ISLR Chapter 7: Moving Beyond Linearity (Part 2: Regression Splines)

Posted by Amit Rajan on Monday, May 28, 2018

7.4 Regression Splines

Regression splines are flixible class of basis functions that extend upon polynomial and piecewise constant regression approaches.

7.4.1 Piecewise Polynomials

Piecewise polynomial regression fits separate low-degree polynomials over different regions of $X$. For example, a piecewise squared polynomial fits squared regression model of the form

$$y_i = \beta_0 + \beta_1 x_i + \beta_2 x_i^2 + \epsilon_i$$

where the coefficients $\beta_0, \beta_1, \beta_2$ differs in different parts of the range of $X$. The points where the coefficients change are called knots. Each of the polynomial functions can be fit using least square methods. Increasing the number of knots will give a more flexible piecewise polynomial.

7.4.2 Constraints and Splines

By using piecewise polynomial regression, the fitted curve on the data may have a discontinuity at the knots or we can say that the fitted curve is too flexible. Instead, we can fit a piecewise polynomial under the constraint that the fitted curve must be continuous. We can further add more constraints, such as, both the first and second derivatives of the piecewise polynomials must be continuous. Each added constraint frees up one degree of freedom. and hence reducing the complexity of the resulting piecewise polynomial fit. Hence by imposing three constraints of continuity, continuity of the first and second derivative, we reduce the degree of freedom of model by 3.

A piecewise cubic polynomial function with three constraints(continuity, continuity of the first and second derivative) is called as cubic spline. The degree of freedom of cubic spline is $K+4$, where $K$ is the number of knots. It can be explained as: The left(or right) end of the polynomial has a degree of freedom 4(as we have to estimate 4 coefficients or parameters to fit a cubic spline). Each additional knot adds one parameter (as three imposed constraints leave one free parameter) and hence making a total of $K+4$ parameters for $K$ knots. In general, a degree-d spline is a piecewise degree-d polynomial with continuity in derivatives upto degree $d-1$ at each knot.

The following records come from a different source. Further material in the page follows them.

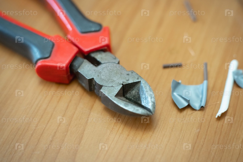 Электрические инструменты лежат на столе, крупный план, размытый фон
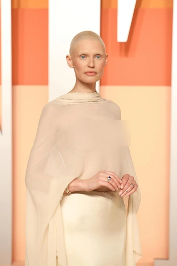 Известная модель Бьянка Балти продолжает бороться с онкологией, однако это не мешает ей становиться одной из главных звезд на красных дорожках. В этот раз она покоряла публику в нежном образе Fendi из коллекции Haute Couture 2023. Поверх кремовой шелковой юбки девушка надела изящную блузу из прозрачной ткани. Украсили минималистичный образ аксессуары Bvlgari — массивный перстень на безымянном пальце и подходящий по стилю браслет (читайте также: Честная история Бьянки Балти: как модель с самыми голубыми глазами стала примером всем, кто отчаялся).
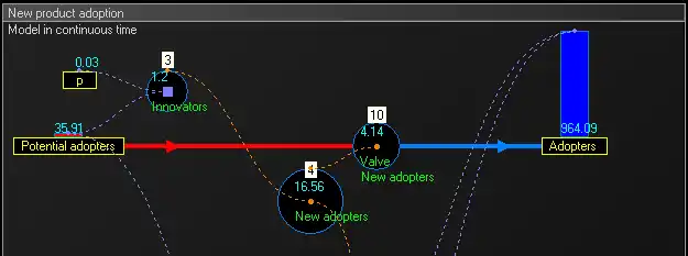 In our example, there are two stocks: Potential adopters and Adopters. There is one flow: New adopters. For every new adopter, the stock of potential adopters declines by one, and the stock of adopters increases by one.
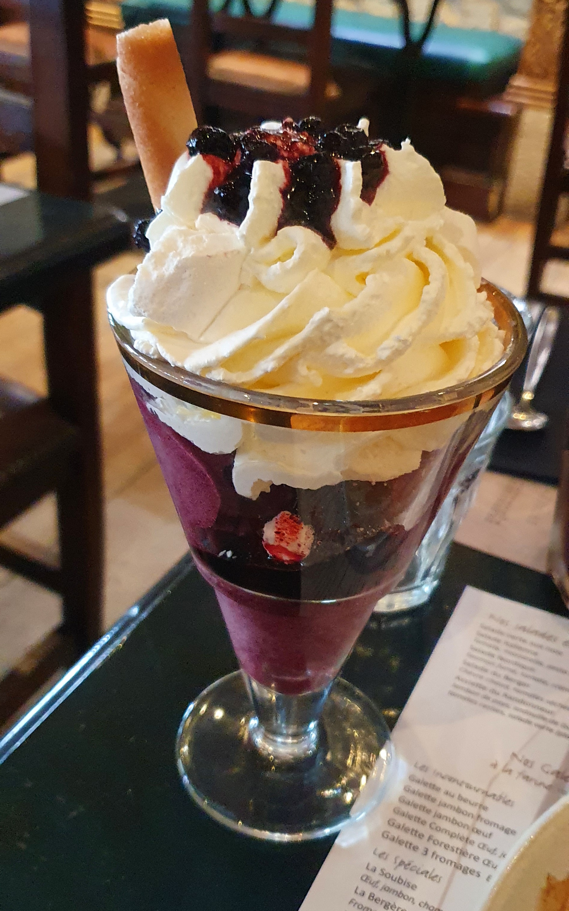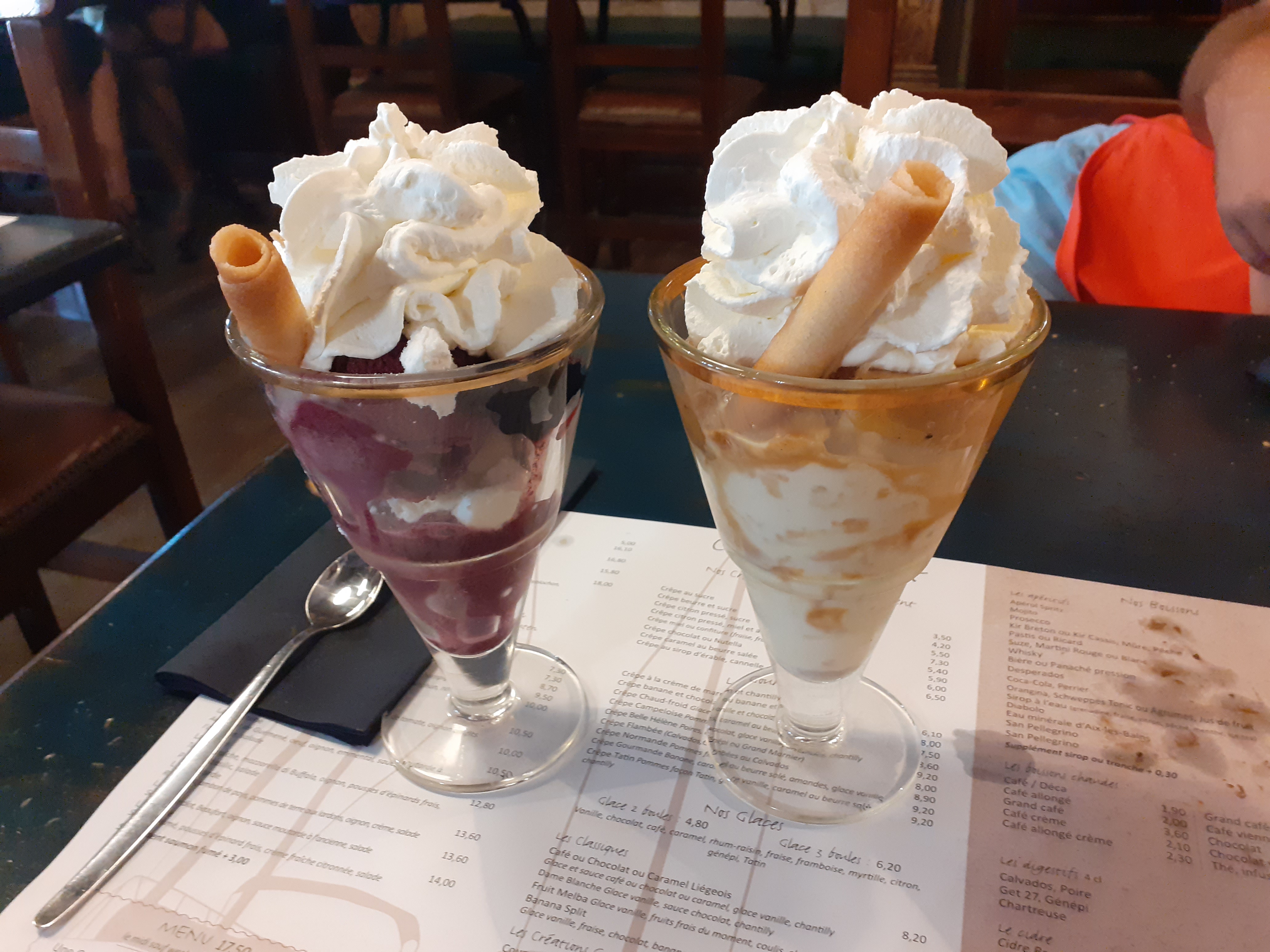 Il est malheureux de se retrouver à payer une glace immangeable 9€ à cause d'un surdosage en alcool de la serveuse (qu'elle même nous a avoué) et d'une réponse plus que hautaine de la part de la patronne qui refusa tout arrangement sous prétexte que si on dose une coupe glacée avec 80% d'alcool et 20% de glace ça aura le même goût que si on en dose une avec 10% d'alcool et 90% de glace. De plus ayant fait la remarque que le génépi dans cette coupe n'était pas bon, la patronne m'a jugé en me disant ce que devrait être un vrai génépi avant de se rétracter pour me dire que dans un restaurant il ne faut pas s'attendre à un bon alcool quel qu'il soit. Je n'y reviendrai jamais malgré leur bonnes crêpes, car la patronne n'est pas du tout commerciale ou compréhensive d'un quelconque désappointement.

7.4.3 The Spline Basis Representation

A cubic spline with $K$ knots can be modeled as:

$$y_i = \beta_0 + \beta_1 b_1(x_i) + \beta_2 b_2(x_i) + … + \beta _{K+3} b _{K+3}(x_i) + \epsilon_i$$

First of all, the equation can be interpreted as: the degree of freedom of a cubic spline is $K+4$ and hence we have to estimate $K+4$ parameters. After composing the equation, we need to formulate the basis functions $b_1, b_2, …, b _{K+3}$. As explained above, a cubic spline can be iterpreted as a polynomial function where left(or right) end has a degree of freedom 4 (as we need to fit a cubic polynomial without any constraint) giving the first three basis functions as $x, x^2$ and $x^3$. Then we have to add one degree of freedom (parameter) per knot, with the constraints of continuity and continuity of the first and second derivatives. This behaviour can be captured by adding one truncated power basis function per knot, which is given as:

$$ \begin{equation*} h(x, \xi) = (x - \xi)^3 _+ = \left{ \begin{array}{@{}ll@{}} y(x - \xi)^3, & \text{if}\ x > \xi \ 0, & \text{otherwise} \end{array}\right. \end{equation*} $$

where $\xi$ is the knot. Adding $\beta_ih(x, \xi)$ will lead to discontinuity only in the third derivative at $\xi$. Hence to fit a cubic spline to a data set with $K$ knots, we need to perform least squares regression to estimate an intercept and $3+K$ parameters for $X, X^2, h(X, \xi_1), h(X, \xi_2), …, h(X, \xi_K)$, where $\xi_1, \xi_2, …, \xi_K$ are the knots.

Cubic splines have higher variance at the ends. A natural spline adds additional boundary constraints(requirement of being linear at boundaries, reducing 2 degree of freedom at each boundary) and hence reduce the variance, producing more stable estimates at boundaries.

7.4.4 Choosing the Number and Locations of the Knots

The regression spline is most flexible in the regions which have highest number of knots. One approach is to place higher number of knots in the regions where we feel that the function might vary the most. In practice, it is common to place knots in a uniform fashion. The number of knots can be decided by analyzing the curve visually or by cross-validation.

7.4.5 Comparison to Polynomial Regression

Regression splines give better results as compared to polynomial regression. Regression splines increase the fliexibility of the model by increasing the number of knots. As we increase the number of knots, we can place more knots in the regions where the function $f$ seems to change rapidly and fewer knots in the regions where it is stable. In polynomial regression, to increase the flexibility, we need to increase the degree of the polynomial. It may result in unstability and overfitting.